Per­sön­li­che Bekanntschaften

Noch ein Bei­spiel: Was gilt für Par­tei­en, die ich per­sön­lich gut ken­ne, weil sie aus mei­nem Berufs­um­feld stam­men oder weil wir schon in einem frü­he­ren Ver­fah­ren mit­ein­an­der zu tun hat­ten? Ganz ein­fach das­sel­be! Für die Dau­er des Ver­fah­rens wer­den wir per­sön­li­che Kon­tak­te mög­lichst hint­an­hal­ten. Zum Glück sind die meis­ten Men­schen aus dem Unter­neh­mer­tum oder dem Kol­le­gen­stand in Umgang und Ver­hal­ten pro­fes­sio­nell genug, sol­che Situa­tio­nen rich­tig ein­zu­ord­nen und sie ent­spre­chend zu hand­ha­ben.
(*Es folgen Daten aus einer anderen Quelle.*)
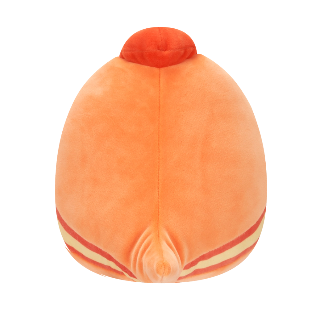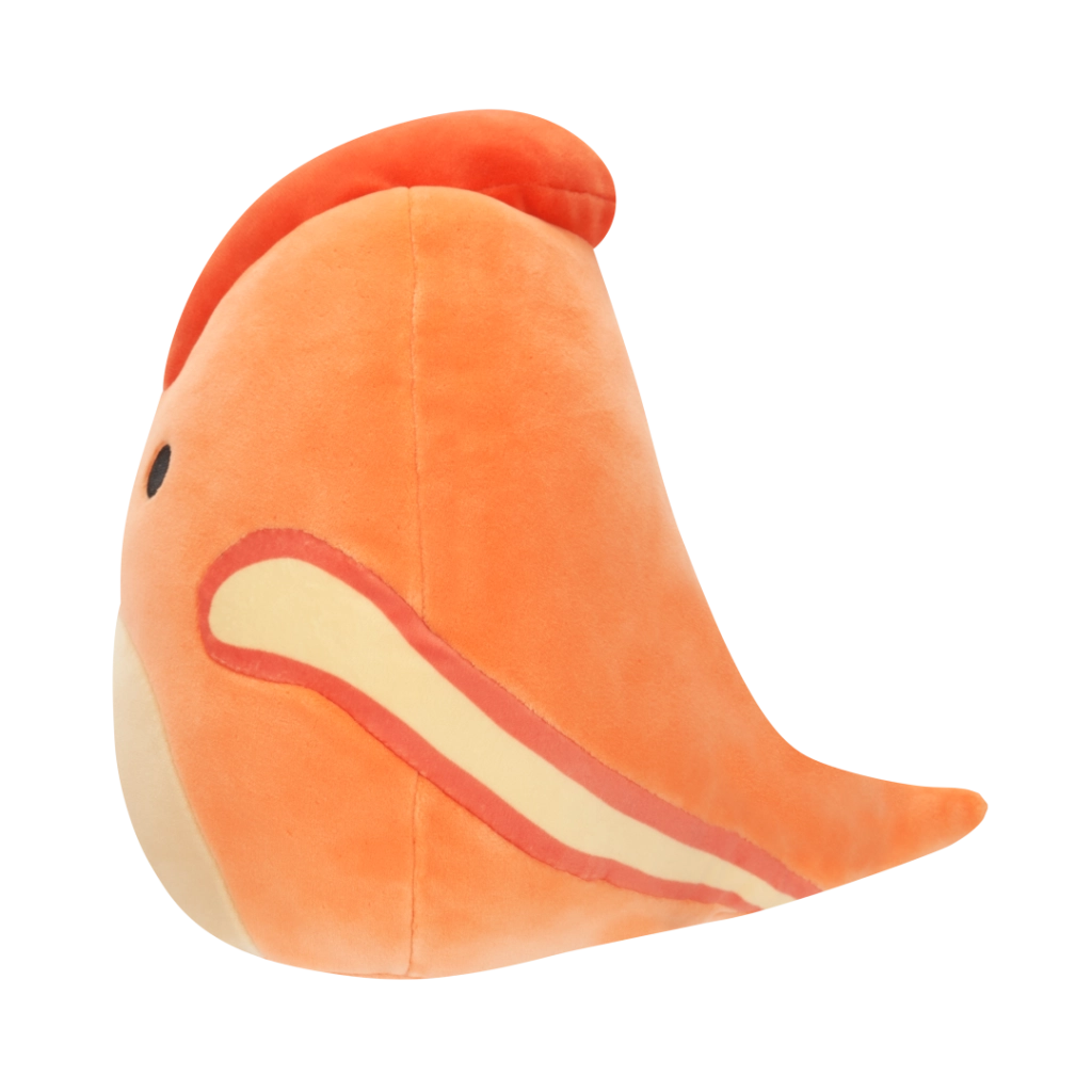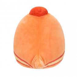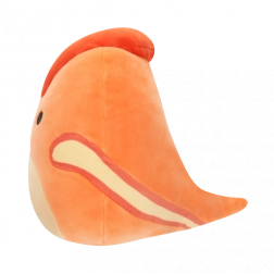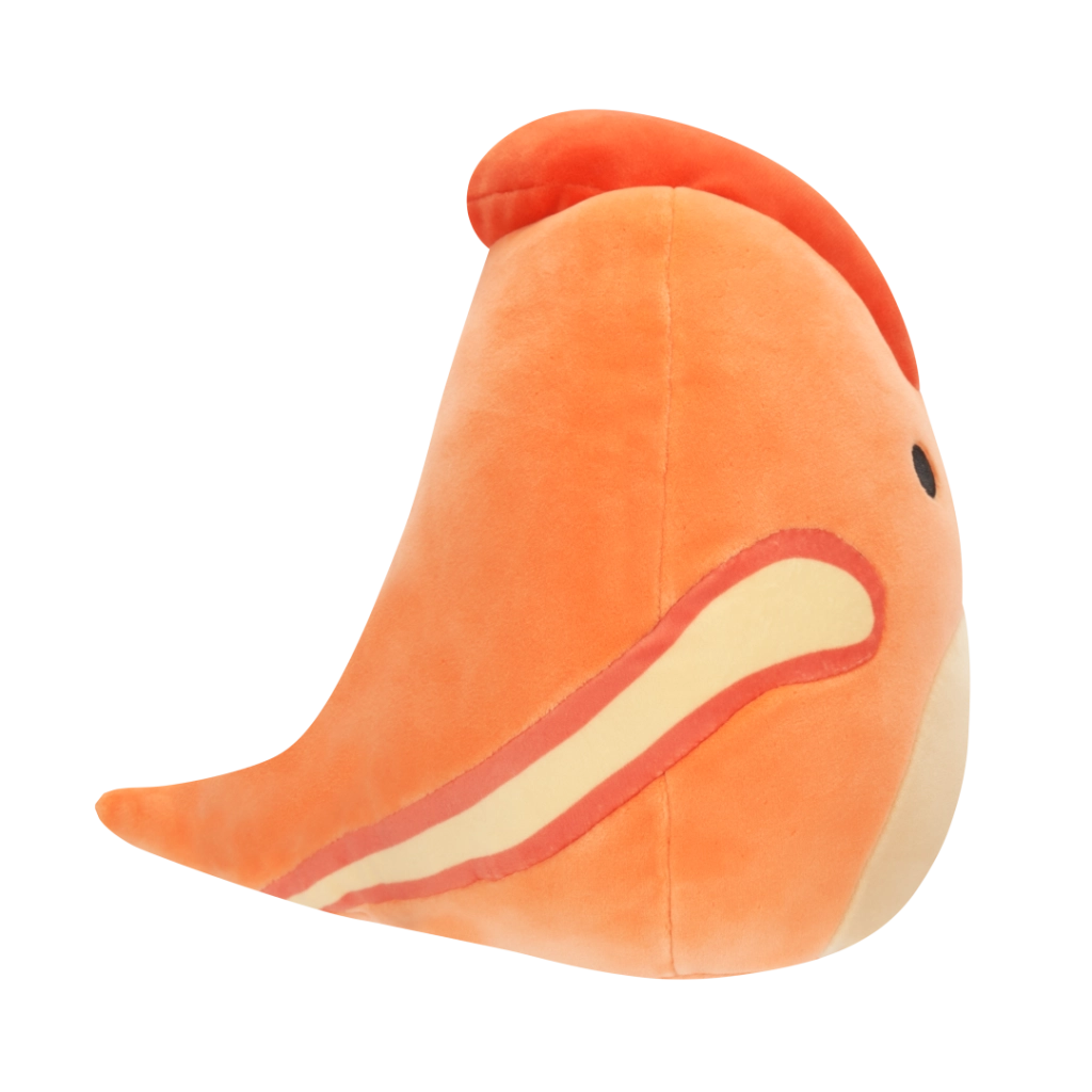 Veselý výraz, oranžové tělo a červený hřebínek potěší děti i sběratele Squishmallows.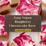 These Vegan Raspberry Cheesecake Bars are a creamy, dairy-free dessert perfect for a refreshing treat. Featuring a walnut and oat crust with a rich cashew coconut filling, topped with a luscious raspberry swirl, this no-bake cheesecake combines natural sweetness with vibrant fruit. Ideal for vegan diets, these bars are easy to make and set in the freezer for a satisfying, guilt-free indulgence.
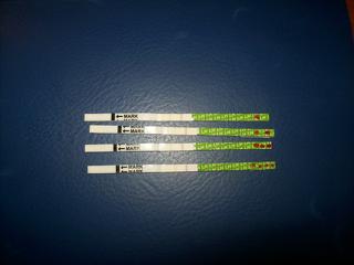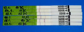 neviem ci to bude dobre vidiet, ale takto nejako by to malo vyzerat - par dni pred ovu by mala testovacia ciarka silniet, ale kym nie je taka silna ako ta kontrolna, ktora je stale rovnako silna, tak ovu nenastala (a test sa povazuje za negativny). Ovu je ked je testovacia ciarka rovnaka, alebo silnejsia ako kontrolna (na tom druhom teste odspodu) 🙂

Uns ist klar, dass per­sön­li­che Bezie­hun­gen und das Befas­sen mit geschäft­li­chen Ange­le­gen­hei­ten so weit wie mög­lich zu tren­nen sind.

Erfor­der­li­che Eigenschaften

Es dürf­te klar sein, dass der rich­ti­ge Umgang mit Situa­tio­nen, wie sie in den Bei­spie­len geschil­dert wor­den sind, für Sach­ver­stän­di­ge ein gutes Maß an per­sön­li­cher Rei­fe erfor­dert. Ein gesetz­te­res Alter ist dazu gewiss ein Vor­teil, aber kei­ne Bedin­gung. Unab­ding­ba­re Vor­aus­set­zun­gen sind hin­ge­gen gute Selbst­ein­schät­zung und Sicher­heit im Umgang, Beson­nen­heit, vor allem aber Respekt und Ach­tung des Gegen­übers. Eigen­schaf­ten, die jeder Sach­ver­stän­di­ge infol­ge der beruf­li­chen und per­sön­li­chen Pra­xis­er­fah­run­gen, die er in sei­ne Tätig­keit bei Gericht mit­bringt, ohne­hin haben sollte.